Does SSLV have a liquid stage?
However, SSLV has a fourth stage, a minor Velocity Trimming Module (VTM) fuelled by a liquid propellant and weighing 0.05 tonnes.
"The vehicle has to achieve the precise velocity to place the satellite in the specific orbit. A solid propellant cannot ensure this, only a liquid propellant can help achieve the exact orbital parameters," the VSSC director said.
The PSLV, which had launched India's first moon mission Chandrayan-1 in 2008 and Mars Orbiter Spacecraft in 2013, will now be reserved for bigger national missions.
What does SSLV design mean for private industry
The SSLV has been designed in such a manner as to make it easy for even small industry players to be part of its construction, unlike more advanced launch vehicles like PSLV or Geosynchronous Satellite Launch Vehicle (GSLV).
"We will be doing only two to three launches and after which we plan to transfer the technology to private players," the VSSC director said. "We have developed a simple and friendly design that even small industry players can be part of its construction," he added.
He was referring to players like hardware manufacturers who can provide the metallic case for the SSLV rockets or players who design the electric circuitry or develop processors for critical operations within the launch vehicle.
The design of more advanced launch vehicles like PSLV and GSLV calls for high-skill manufacturing processes that only big players like Hindustan Aeronautics Limited can take up.
SSLV's first payload
EOS-02, which will be placed at an orbit of about 350 km, is an earth observation satellite designed and realised by ISRO. It is an experimental optical remote sensing satellite, a microsat series satellite, offering advanced optical remote sensing operating in an infra-red band with high spatial resolution.
Satellites in LEO, like EOS-2, are ideal for imaging and communication. Because it is closer to the Earth, imaging satellites will be able to capture better and more detailed pictures.
Satellite voice and data services can also come in handy during emergencies like floods and other natural disasters.
The International Space Station, where remote sensing, medical, gravity and space experiments are conducted on a large scale, is in a LEO, in an orbit near the one EOS-2 will be dropped.
Satellite propelled by girls
AzaadiSAT is a Cubesat, a miniaturised satellite, weighing around 8 kg. It carries 75 different payloads each weighing around 50 grams and conducting femto-experiments.
Girl students from rural regions across the country were provided guidance to build these payloads. The payloads are integrated by the student team of “Space Kidz India”, an aerospace organisation creating young scientists for the country.
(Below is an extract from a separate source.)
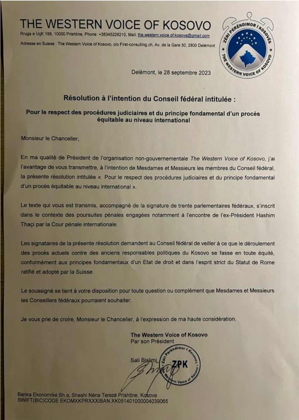 KosovaPress raporton se veprimtari Sali Bislimi do ta dorëzojë rezolutën nesër në orën 11:00 në Gjykatën Speciale. Deputetët zviceranë kërkojnë që gjykata të veprojë me paanshmëri dhe drejtësi të plotë.

Rifath Sharook, the chief technology officer at Space Kidz India, tweeted on July 8 that the AzaadiSAT was a special mission in which the organisation had selected "750 girl students from 75 government schools from all the Indian states and provided training to build 75 experimental payloads".
The payloads include a UHF-VHF Transponder working in ham radio frequency to enable voice and data transmission for amateur radio operators, a solid state PIN diode-based Radiation counter to measure the ionising radiation in its orbit, a long-range transponder and a selfie camera.
The ground system developed by ‘Space Kidz India’ will be utilised for receiving the data from this satellite.